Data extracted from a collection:
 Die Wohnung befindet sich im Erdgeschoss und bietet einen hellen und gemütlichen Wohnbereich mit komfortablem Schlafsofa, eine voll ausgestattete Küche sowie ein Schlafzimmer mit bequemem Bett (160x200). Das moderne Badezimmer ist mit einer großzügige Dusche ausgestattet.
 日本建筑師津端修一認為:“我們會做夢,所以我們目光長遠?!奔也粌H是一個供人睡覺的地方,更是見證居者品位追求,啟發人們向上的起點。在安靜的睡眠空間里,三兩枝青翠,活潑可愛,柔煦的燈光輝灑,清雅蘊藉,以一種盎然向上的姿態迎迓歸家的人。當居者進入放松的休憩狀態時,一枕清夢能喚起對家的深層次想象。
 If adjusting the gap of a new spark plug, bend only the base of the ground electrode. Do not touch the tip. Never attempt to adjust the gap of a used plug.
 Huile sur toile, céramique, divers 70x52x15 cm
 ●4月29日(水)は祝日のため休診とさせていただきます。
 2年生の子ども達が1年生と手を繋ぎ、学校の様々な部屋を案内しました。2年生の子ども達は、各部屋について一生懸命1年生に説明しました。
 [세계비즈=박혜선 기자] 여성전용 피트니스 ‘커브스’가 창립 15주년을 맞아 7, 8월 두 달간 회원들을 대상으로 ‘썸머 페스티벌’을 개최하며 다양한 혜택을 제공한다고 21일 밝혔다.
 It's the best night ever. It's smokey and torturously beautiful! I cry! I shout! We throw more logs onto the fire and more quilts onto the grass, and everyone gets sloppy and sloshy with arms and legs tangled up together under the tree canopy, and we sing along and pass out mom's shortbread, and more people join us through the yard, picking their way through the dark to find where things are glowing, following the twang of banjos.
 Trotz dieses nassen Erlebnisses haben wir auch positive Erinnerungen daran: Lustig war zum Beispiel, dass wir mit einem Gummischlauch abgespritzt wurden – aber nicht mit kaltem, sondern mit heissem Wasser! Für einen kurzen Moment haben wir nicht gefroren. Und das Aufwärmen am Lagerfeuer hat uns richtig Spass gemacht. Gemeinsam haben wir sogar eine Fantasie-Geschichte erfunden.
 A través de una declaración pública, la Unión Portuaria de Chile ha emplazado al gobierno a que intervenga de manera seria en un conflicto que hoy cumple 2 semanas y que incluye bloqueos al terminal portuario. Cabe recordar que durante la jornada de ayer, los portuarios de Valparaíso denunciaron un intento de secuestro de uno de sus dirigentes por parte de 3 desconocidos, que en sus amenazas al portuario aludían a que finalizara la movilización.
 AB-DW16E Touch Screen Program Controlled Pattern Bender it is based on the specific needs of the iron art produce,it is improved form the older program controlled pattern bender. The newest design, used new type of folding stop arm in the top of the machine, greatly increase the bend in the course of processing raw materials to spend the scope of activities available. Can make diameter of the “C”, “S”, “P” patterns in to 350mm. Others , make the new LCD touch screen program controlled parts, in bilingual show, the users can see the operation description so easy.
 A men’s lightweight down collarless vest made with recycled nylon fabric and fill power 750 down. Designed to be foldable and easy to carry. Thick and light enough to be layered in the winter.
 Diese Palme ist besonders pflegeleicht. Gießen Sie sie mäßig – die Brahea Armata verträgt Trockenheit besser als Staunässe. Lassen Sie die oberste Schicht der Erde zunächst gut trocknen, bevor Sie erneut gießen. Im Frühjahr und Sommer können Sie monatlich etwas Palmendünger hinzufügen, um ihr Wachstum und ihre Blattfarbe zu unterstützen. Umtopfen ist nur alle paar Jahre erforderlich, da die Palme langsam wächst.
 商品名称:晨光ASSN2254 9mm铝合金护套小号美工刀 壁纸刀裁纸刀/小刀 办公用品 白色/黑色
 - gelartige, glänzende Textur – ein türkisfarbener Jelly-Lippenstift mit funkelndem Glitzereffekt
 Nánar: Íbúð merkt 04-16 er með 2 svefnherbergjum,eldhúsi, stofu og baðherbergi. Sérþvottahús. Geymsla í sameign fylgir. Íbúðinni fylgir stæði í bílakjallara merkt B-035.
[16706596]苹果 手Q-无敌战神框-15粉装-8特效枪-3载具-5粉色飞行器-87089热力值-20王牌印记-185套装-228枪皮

§ What is required
Return all of the data above exactly, leaving out no line.

§ Solution to this task
 Die Wohnung befindet sich im Erdgeschoss und bietet einen hellen und gemütlichen Wohnbereich mit komfortablem Schlafsofa, eine voll ausgestattete Küche sowie ein Schlafzimmer mit bequemem Bett (160x200). Das moderne Badezimmer ist mit einer großzügige Dusche ausgestattet.
 日本建筑師津端修一認為:“我們會做夢,所以我們目光長遠?!奔也粌H是一個供人睡覺的地方,更是見證居者品位追求,啟發人們向上的起點。在安靜的睡眠空間里,三兩枝青翠,活潑可愛,柔煦的燈光輝灑,清雅蘊藉,以一種盎然向上的姿態迎迓歸家的人。當居者進入放松的休憩狀態時,一枕清夢能喚起對家的深層次想象。
 If adjusting the gap of a new spark plug, bend only the base of the ground electrode. Do not touch the tip. Never attempt to adjust the gap of a used plug.
 Huile sur toile, céramique, divers 70x52x15 cm
 ●4月29日(水)は祝日のため休診とさせていただきます。
 2年生の子ども達が1年生と手を繋ぎ、学校の様々な部屋を案内しました。2年生の子ども達は、各部屋について一生懸命1年生に説明しました。
 [세계비즈=박혜선 기자] 여성전용 피트니스 ‘커브스’가 창립 15주년을 맞아 7, 8월 두 달간 회원들을 대상으로 ‘썸머 페스티벌’을 개최하며 다양한 혜택을 제공한다고 21일 밝혔다.
 It's the best night ever. It's smokey and torturously beautiful! I cry! I shout! We throw more logs onto the fire and more quilts onto the grass, and everyone gets sloppy and sloshy with arms and legs tangled up together under the tree canopy, and we sing along and pass out mom's shortbread, and more people join us through the yard, picking their way through the dark to find where things are glowing, following the twang of banjos.
 Trotz dieses nassen Erlebnisses haben wir auch positive Erinnerungen daran: Lustig war zum Beispiel, dass wir mit einem Gummischlauch abgespritzt wurden – aber nicht mit kaltem, sondern mit heissem Wasser! Für einen kurzen Moment haben wir nicht gefroren. Und das Aufwärmen am Lagerfeuer hat uns richtig Spass gemacht. Gemeinsam haben wir sogar eine Fantasie-Geschichte erfunden.
 A través de una declaración pública, la Unión Portuaria de Chile ha emplazado al gobierno a que intervenga de manera seria en un conflicto que hoy cumple 2 semanas y que incluye bloqueos al terminal portuario. Cabe recordar que durante la jornada de ayer, los portuarios de Valparaíso denunciaron un intento de secuestro de uno de sus dirigentes por parte de 3 desconocidos, que en sus amenazas al portuario aludían a que finalizara la movilización.
 AB-DW16E Touch Screen Program Controlled Pattern Bender it is based on the specific needs of the iron art produce,it is improved form the older program controlled pattern bender. The newest design, used new type of folding stop arm in the top of the machine, greatly increase the bend in the course of processing raw materials to spend the scope of activities available. Can make diameter of the “C”, “S”, “P” patterns in to 350mm. Others , make the new LCD touch screen program controlled parts, in bilingual show, the users can see the operation description so easy.
 A men’s lightweight down collarless vest made with recycled nylon fabric and fill power 750 down. Designed to be foldable and easy to carry. Thick and light enough to be layered in the winter.
 Diese Palme ist besonders pflegeleicht. Gießen Sie sie mäßig – die Brahea Armata verträgt Trockenheit besser als Staunässe. Lassen Sie die oberste Schicht der Erde zunächst gut trocknen, bevor Sie erneut gießen. Im Frühjahr und Sommer können Sie monatlich etwas Palmendünger hinzufügen, um ihr Wachstum und ihre Blattfarbe zu unterstützen. Umtopfen ist nur alle paar Jahre erforderlich, da die Palme langsam wächst.
 商品名称:晨光ASSN2254 9mm铝合金护套小号美工刀 壁纸刀裁纸刀/小刀 办公用品 白色/黑色
 - gelartige, glänzende Textur – ein türkisfarbener Jelly-Lippenstift mit funkelndem Glitzereffekt
 Nánar: Íbúð merkt 04-16 er með 2 svefnherbergjum,eldhúsi, stofu og baðherbergi. Sérþvottahús. Geymsla í sameign fylgir. Íbúðinni fylgir stæði í bílakjallara merkt B-035.
[16706596]苹果 手Q-无敌战神框-15粉装-8特效枪-3载具-5粉色飞行器-87089热力值-20王牌印记-185套装-228枪皮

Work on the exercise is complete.